- Your instructions -
Set down the entries that follow exactly as written, leaving out any images.

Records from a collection
++++++++++
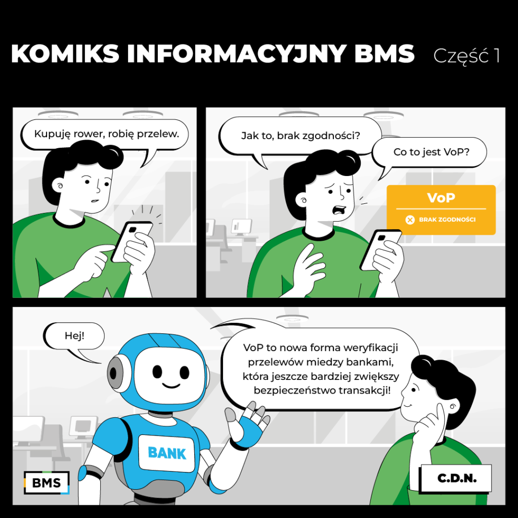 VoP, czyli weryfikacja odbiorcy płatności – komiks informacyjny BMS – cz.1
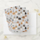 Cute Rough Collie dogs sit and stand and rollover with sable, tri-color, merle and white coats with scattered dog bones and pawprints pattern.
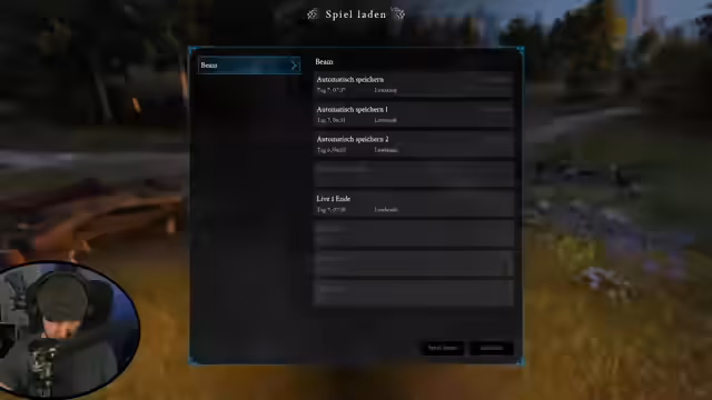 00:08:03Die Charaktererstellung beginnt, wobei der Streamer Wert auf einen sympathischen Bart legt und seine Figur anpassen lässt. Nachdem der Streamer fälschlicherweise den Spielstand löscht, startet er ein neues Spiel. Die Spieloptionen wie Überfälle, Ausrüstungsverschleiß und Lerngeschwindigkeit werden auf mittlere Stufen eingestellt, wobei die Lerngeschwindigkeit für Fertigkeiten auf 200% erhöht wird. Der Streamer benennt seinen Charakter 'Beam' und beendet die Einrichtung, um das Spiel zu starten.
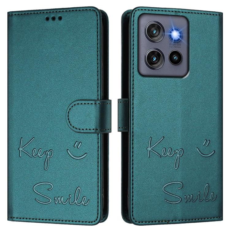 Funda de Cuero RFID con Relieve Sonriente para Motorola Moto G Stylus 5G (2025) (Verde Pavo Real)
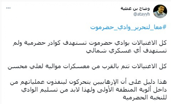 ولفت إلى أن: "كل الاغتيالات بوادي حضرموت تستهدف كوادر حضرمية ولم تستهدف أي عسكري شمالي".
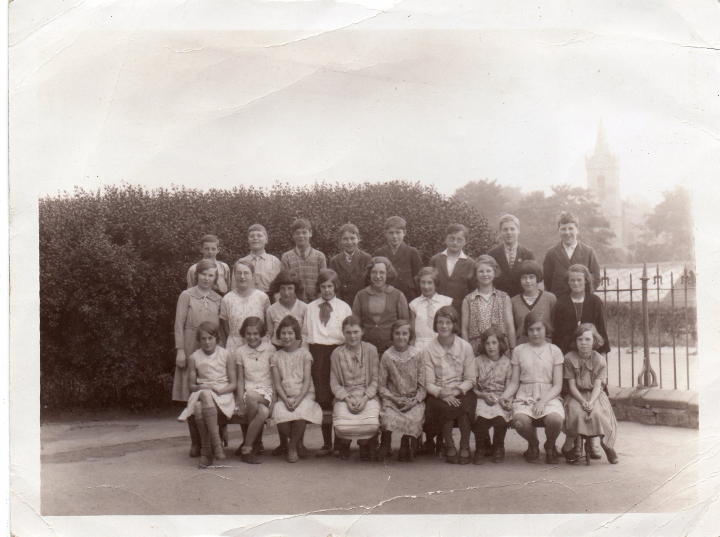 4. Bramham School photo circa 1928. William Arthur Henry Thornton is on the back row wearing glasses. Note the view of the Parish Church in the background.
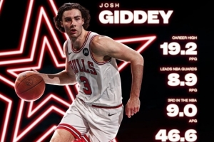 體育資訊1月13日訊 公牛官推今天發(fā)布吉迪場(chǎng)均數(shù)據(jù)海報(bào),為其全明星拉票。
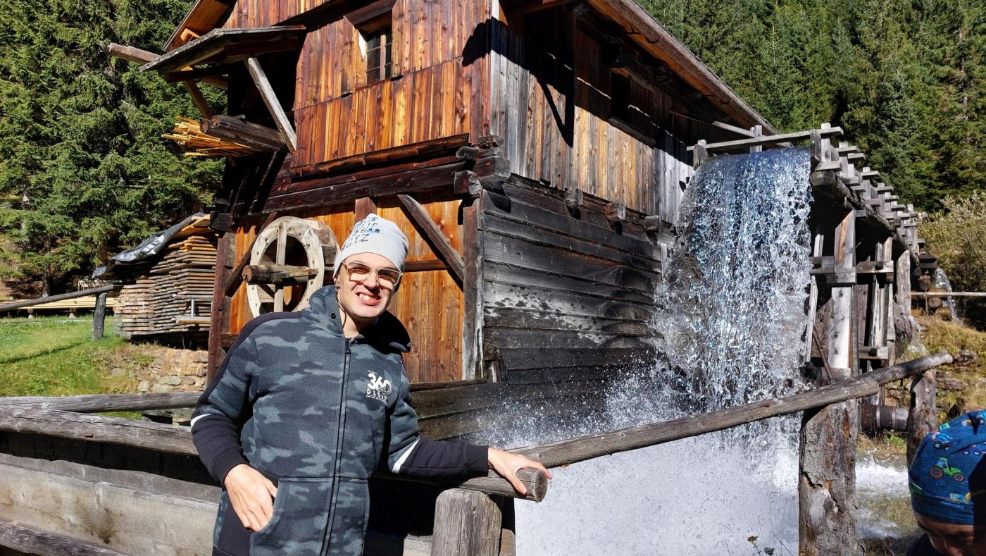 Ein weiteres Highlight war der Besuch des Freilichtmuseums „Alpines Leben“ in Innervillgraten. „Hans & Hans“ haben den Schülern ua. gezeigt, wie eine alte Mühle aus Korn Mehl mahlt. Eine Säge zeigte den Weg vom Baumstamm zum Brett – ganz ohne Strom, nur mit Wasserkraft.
++++++++++
- The answer -
 VoP, czyli weryfikacja odbiorcy płatności – komiks informacyjny BMS – cz.1
 Cute Rough Collie dogs sit and stand and rollover with sable, tri-color, merle and white coats with scattered dog bones and pawprints pattern.
 00:08:03Die Charaktererstellung beginnt, wobei der Streamer Wert auf einen sympathischen Bart legt und seine Figur anpassen lässt. Nachdem der Streamer fälschlicherweise den Spielstand löscht, startet er ein neues Spiel. Die Spieloptionen wie Überfälle, Ausrüstungsverschleiß und Lerngeschwindigkeit werden auf mittlere Stufen eingestellt, wobei die Lerngeschwindigkeit für Fertigkeiten auf 200% erhöht wird. Der Streamer benennt seinen Charakter 'Beam' und beendet die Einrichtung, um das Spiel zu starten.
 Funda de Cuero RFID con Relieve Sonriente para Motorola Moto G Stylus 5G (2025) (Verde Pavo Real)
 ولفت إلى أن: "كل الاغتيالات بوادي حضرموت تستهدف كوادر حضرمية ولم تستهدف أي عسكري شمالي".
 4. Bramham School photo circa 1928. William Arthur Henry Thornton is on the back row wearing glasses. Note the view of the Parish Church in the background.
 體育資訊1月13日訊 公牛官推今天發(fā)布吉迪場(chǎng)均數(shù)據(jù)海報(bào),為其全明星拉票。
 Ein weiteres Highlight war der Besuch des Freilichtmuseums „Alpines Leben“ in Innervillgraten. „Hans & Hans“ haben den Schülern ua. gezeigt, wie eine alte Mühle aus Korn Mehl mahlt. Eine Säge zeigte den Weg vom Baumstamm zum Brett – ganz ohne Strom, nur mit Wasserkraft.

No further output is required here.